《テーブルに君の丸みのマスクかな》

 芸能人の才能を査定するバラエティ番組『プレバト!!』で、俳句の才能を開花させたフルーツポンチ・村上健志さん。なかでも、2回目の出演で披露したこの「マスクの句」は人気が高い。村上さんは初の著作『フルーツポンチ村上健志の俳句修行』の取材で、17の句会を訪れたが、参加者には「マスクの句からファンです」という俳人も。『プレバト!!』効果で一躍俳句界の有名人になった村上さんは、どんな気持ちで句会に向かったのか。
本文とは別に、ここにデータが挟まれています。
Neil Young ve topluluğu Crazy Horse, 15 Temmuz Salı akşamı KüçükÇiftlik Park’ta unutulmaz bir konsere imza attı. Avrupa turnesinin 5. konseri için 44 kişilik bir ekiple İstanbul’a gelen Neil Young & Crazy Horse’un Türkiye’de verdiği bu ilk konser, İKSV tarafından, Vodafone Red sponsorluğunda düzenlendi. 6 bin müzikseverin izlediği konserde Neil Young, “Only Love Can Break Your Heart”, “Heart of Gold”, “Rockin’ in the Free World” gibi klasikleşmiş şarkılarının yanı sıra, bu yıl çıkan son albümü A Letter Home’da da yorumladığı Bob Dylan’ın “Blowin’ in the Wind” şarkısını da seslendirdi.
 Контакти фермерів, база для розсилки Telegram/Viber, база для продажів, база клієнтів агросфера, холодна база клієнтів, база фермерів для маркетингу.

「最初はめちゃくちゃ緊張しましたね。番組でちょっと上手いとか言われてても、いざ、上級者たちの集まりに行ったら、『ほらできないでしょう?』みたいな、そういう場所かと思って……。でも実際に行ってみると全然そんなことなかったです」

 句会当日に題材を探しながら句作する「吟行句会」や、その場でお題を出す「席題」のある句会ではやや苦戦した様子。しかし得意ジャンルである宿題のお題(兼題)がある句会では、《避寒地のパンクのままの一輪車》が、一句しか選ばれない特特選に選ばれるなど、その実力とセンスを遺憾なく発揮する。
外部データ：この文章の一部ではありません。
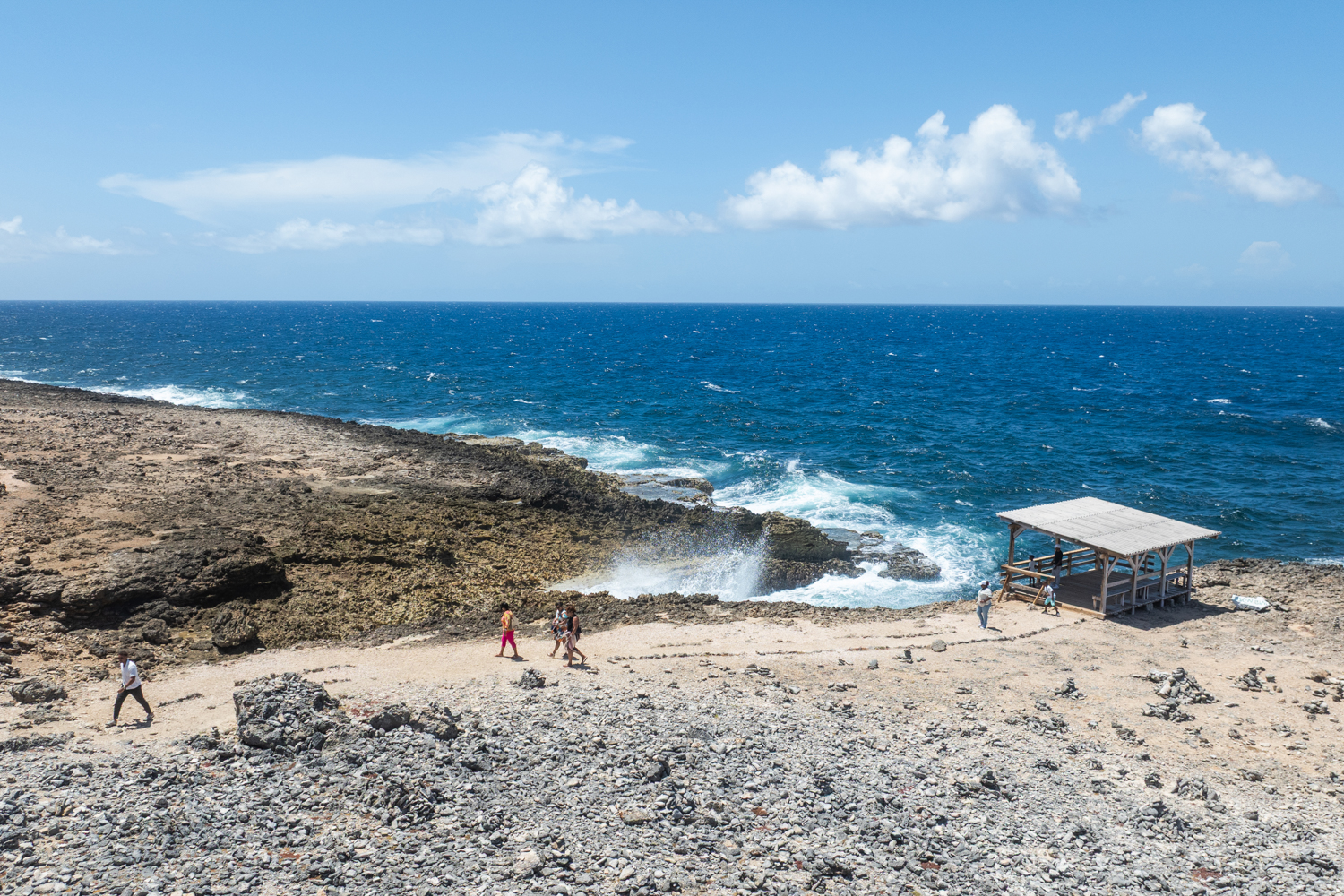 Next, we continue to the north coast and the impressive Shete Boka National Park. The name means “seven inlets,” and here you’ll witness Curaçao’s raw side. At Boca Pistol, you’ll feel the sheer force of the ocean: waves crash against the rocks with such power that water shoots meters into the air like the blast of a cannon. A natural phenomenon that will give you goosebumps.

「《避寒地の~》は、これはなかなかいいのができた! と思いました。句会に参加すると、やっぱり取られたい(選ばれたい)んですよ。会によって傾向が違うから、『今回はちょっとこういうのも入れておこうかな』という句も入れつつ、自分が好きなスタイルのものも投げていく。僕はやっぱり、日常の1コマから物語が浮かんでくるような句が好きですね」

 句会では、提出された句について参加者が批評しあい、時には激論が交わされることもある。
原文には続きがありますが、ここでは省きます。